Reproduce, word for word, all of the records; the pictures stay out.

[Records contained in a dataset]
§
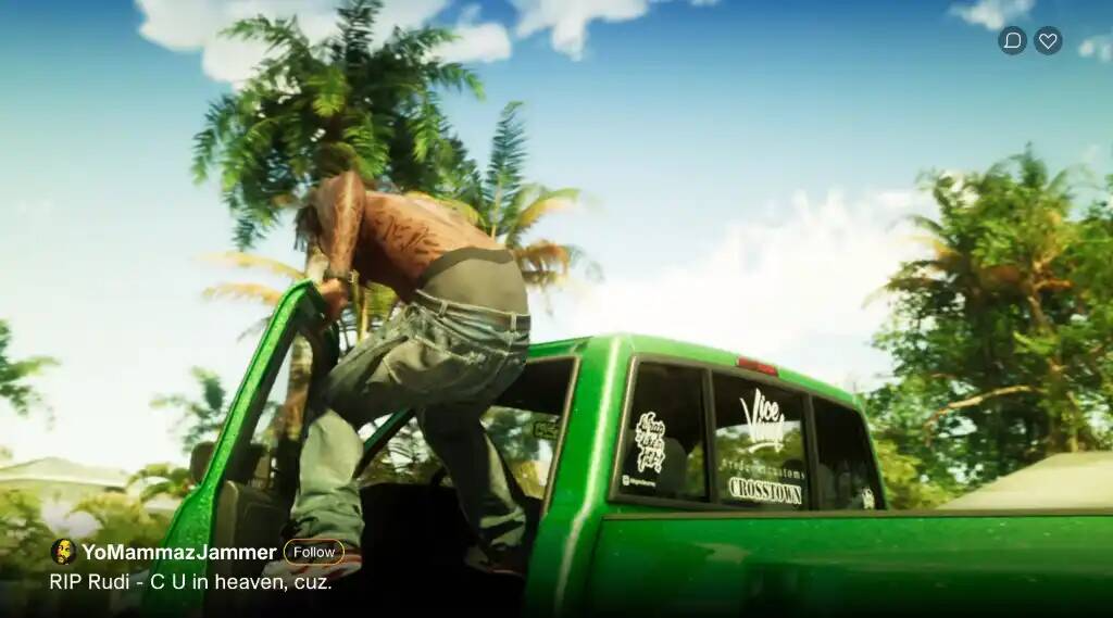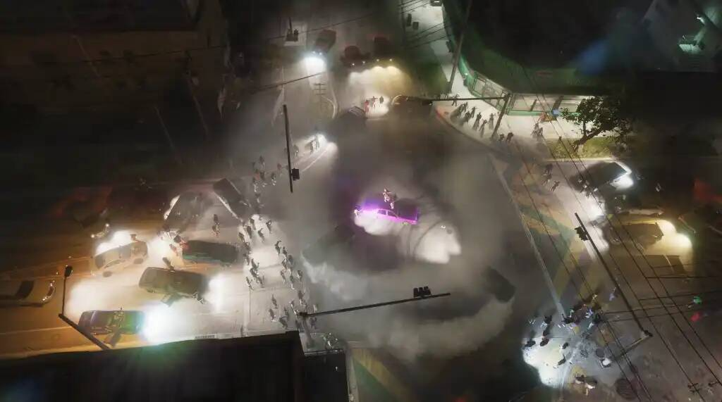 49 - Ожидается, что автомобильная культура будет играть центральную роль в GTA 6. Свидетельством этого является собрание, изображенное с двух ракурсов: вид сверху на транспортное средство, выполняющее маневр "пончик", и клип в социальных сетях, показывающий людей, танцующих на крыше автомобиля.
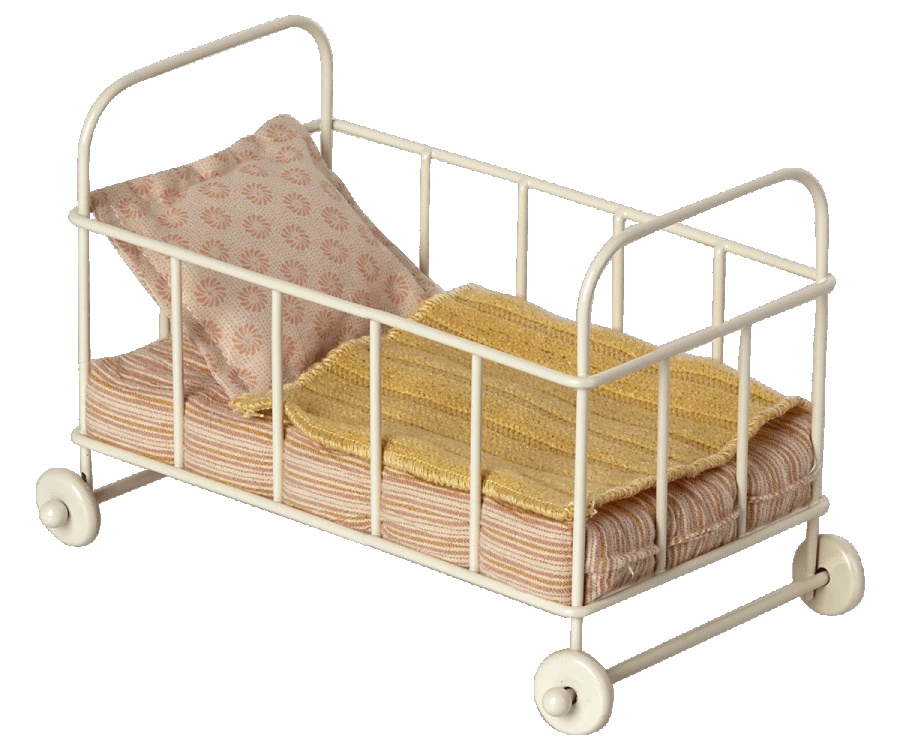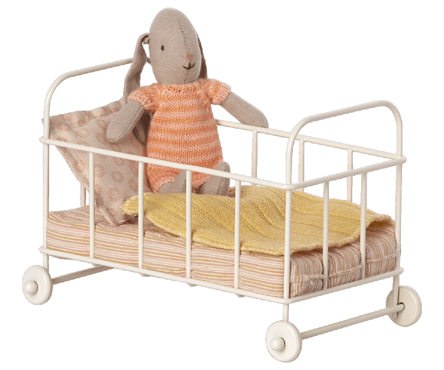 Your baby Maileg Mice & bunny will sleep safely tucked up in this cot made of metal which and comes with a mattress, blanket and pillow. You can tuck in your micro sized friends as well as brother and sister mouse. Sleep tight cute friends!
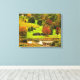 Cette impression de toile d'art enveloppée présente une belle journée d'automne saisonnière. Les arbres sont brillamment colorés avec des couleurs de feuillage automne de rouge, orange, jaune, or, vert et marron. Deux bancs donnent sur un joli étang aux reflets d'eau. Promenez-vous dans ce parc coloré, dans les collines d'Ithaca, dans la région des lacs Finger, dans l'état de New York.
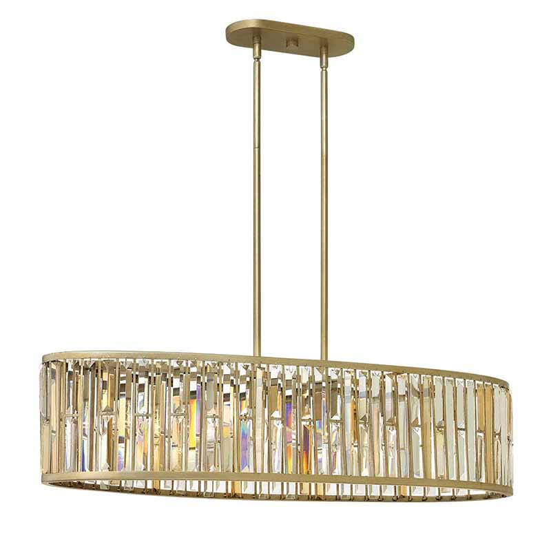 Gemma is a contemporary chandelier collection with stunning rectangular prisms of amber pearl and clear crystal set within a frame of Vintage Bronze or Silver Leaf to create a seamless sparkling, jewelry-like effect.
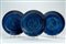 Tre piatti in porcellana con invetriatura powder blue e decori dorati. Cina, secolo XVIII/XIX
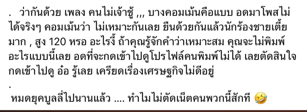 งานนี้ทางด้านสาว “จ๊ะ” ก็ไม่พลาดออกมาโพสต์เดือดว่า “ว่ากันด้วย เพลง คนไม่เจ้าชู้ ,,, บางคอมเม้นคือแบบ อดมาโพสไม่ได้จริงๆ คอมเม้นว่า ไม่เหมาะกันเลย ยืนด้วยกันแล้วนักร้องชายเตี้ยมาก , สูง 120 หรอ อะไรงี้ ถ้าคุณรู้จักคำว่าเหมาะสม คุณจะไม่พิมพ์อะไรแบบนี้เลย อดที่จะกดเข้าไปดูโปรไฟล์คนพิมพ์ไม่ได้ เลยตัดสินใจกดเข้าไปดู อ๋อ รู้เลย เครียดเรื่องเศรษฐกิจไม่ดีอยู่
§
_FINISHED EXERCISE_
 49 - Ожидается, что автомобильная культура будет играть центральную роль в GTA 6. Свидетельством этого является собрание, изображенное с двух ракурсов: вид сверху на транспортное средство, выполняющее маневр "пончик", и клип в социальных сетях, показывающий людей, танцующих на крыше автомобиля.
 Your baby Maileg Mice & bunny will sleep safely tucked up in this cot made of metal which and comes with a mattress, blanket and pillow. You can tuck in your micro sized friends as well as brother and sister mouse. Sleep tight cute friends!
 Cette impression de toile d'art enveloppée présente une belle journée d'automne saisonnière. Les arbres sont brillamment colorés avec des couleurs de feuillage automne de rouge, orange, jaune, or, vert et marron. Deux bancs donnent sur un joli étang aux reflets d'eau. Promenez-vous dans ce parc coloré, dans les collines d'Ithaca, dans la région des lacs Finger, dans l'état de New York.
 Gemma is a contemporary chandelier collection with stunning rectangular prisms of amber pearl and clear crystal set within a frame of Vintage Bronze or Silver Leaf to create a seamless sparkling, jewelry-like effect.
 Tre piatti in porcellana con invetriatura powder blue e decori dorati. Cina, secolo XVIII/XIX
 งานนี้ทางด้านสาว “จ๊ะ” ก็ไม่พลาดออกมาโพสต์เดือดว่า “ว่ากันด้วย เพลง คนไม่เจ้าชู้ ,,, บางคอมเม้นคือแบบ อดมาโพสไม่ได้จริงๆ คอมเม้นว่า ไม่เหมาะกันเลย ยืนด้วยกันแล้วนักร้องชายเตี้ยมาก , สูง 120 หรอ อะไรงี้ ถ้าคุณรู้จักคำว่าเหมาะสม คุณจะไม่พิมพ์อะไรแบบนี้เลย อดที่จะกดเข้าไปดูโปรไฟล์คนพิมพ์ไม่ได้ เลยตัดสินใจกดเข้าไปดู อ๋อ รู้เลย เครียดเรื่องเศรษฐกิจไม่ดีอยู่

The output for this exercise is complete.